[PLUG] Multithreading

[Kevin Theobald]

Chris Jantzen writes:

 > For computer architectures, classically it meant: nothing. Symmetric
 > Multi Threading, SMT, or Intel's marketing "HT" changes this a bit.

HT is just Intel's implementation of what is called "Simultaneous
Multithreading" in the academic literature.  The idea is to put two
complete CPU architecture states (registers, PC, status bits, etc.) in
one CPU, and have that CPU rapidly switch back and forth between them,
typically as often as every cycle.  The motivation is that a modern
CPU runs so fast compared to the memory that it often sits idle for
hundreds of clock cycles waiting for some datum that it's loading to
come in from main memory.  Why not be working on something else during
that time?  (The CPU equivalent of having the kernel switch to another
process while servicing a page fault.)

 > Multiprogramming with processes is simpler, safer, and much more
 > standardized.

And a lot slower.

The primary difference between multiple processors and multiple
threads (here I'm thinking of something like POSIX threads) is that
with the former, you create separate processes.  So, from the point of
view of the kernel, and the multiprogramming support hardware in the
CPU, the different processes that make up your parallel program are
indistinguishable from a collection of processes launched by different
users.  If you want them to cooperate on a single problem (usually the
goal, if you're not merely exploiting "job parallelism" by running
many independent tasks in parallel), you need to find some way for
them to share data.

The standard way of passing data back and forth in a distributed
environment is to create sockets, but this is grossly inefficient if
your application requires frequent exchange of data between the
different processes.  So the usual procedure is to create an explicit
block of shared memory, which, at the CPU level, involves editing the
page tables of the different processes so they all point to the same
block of physical memory.  (Naturally, the kernel has to do this for
you.)  Any data that you want to do must be explicitly mapped to this
region.

With a threading package, such as POSIX Threads (or Pthreads), all the
threads are in the same process space.  The kernel is not necessary
for threading to work (though some things may be done there for
greater speed).  The switching of tasks is done at the user level, by
the threading library underneath the user code.  This is a big win if
you happen to have more threads/processors than physical CPUs, because
switching threads is MUCH faster than switching processes.  (Switching
processes may require flushing cache(s) in some architectures.)
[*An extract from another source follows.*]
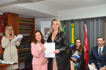 Posteriormente, foram realizadas as leituras dos currículos dos novos diretores e diretores-adjuntos do IARGS e entregues as Portarias dos Departamentos recém-criados por integrantes da diretoria e da presidente do IARGS:

In Pthreads, splitting off a thread is just a function call.  The new
thread gets its own stack (for its automatic variables).  It shares
globals with the other thread(s).  The heap is shared, though everyone
gets their own blocks when they call malloc or new (provided the
memory allocation library is written to be "thread-safe").  The
tradeoff here is that, as you say, it is easier to write bad code
which doesn't share data properly, leading to hard-to-debug code which
is non-deterministic.  However, there are mechanisms in the libraries
to do things safely if you choose to use them rather than analyze your
code carefully, and their overheads are still less than interprocess
communication.

Kevin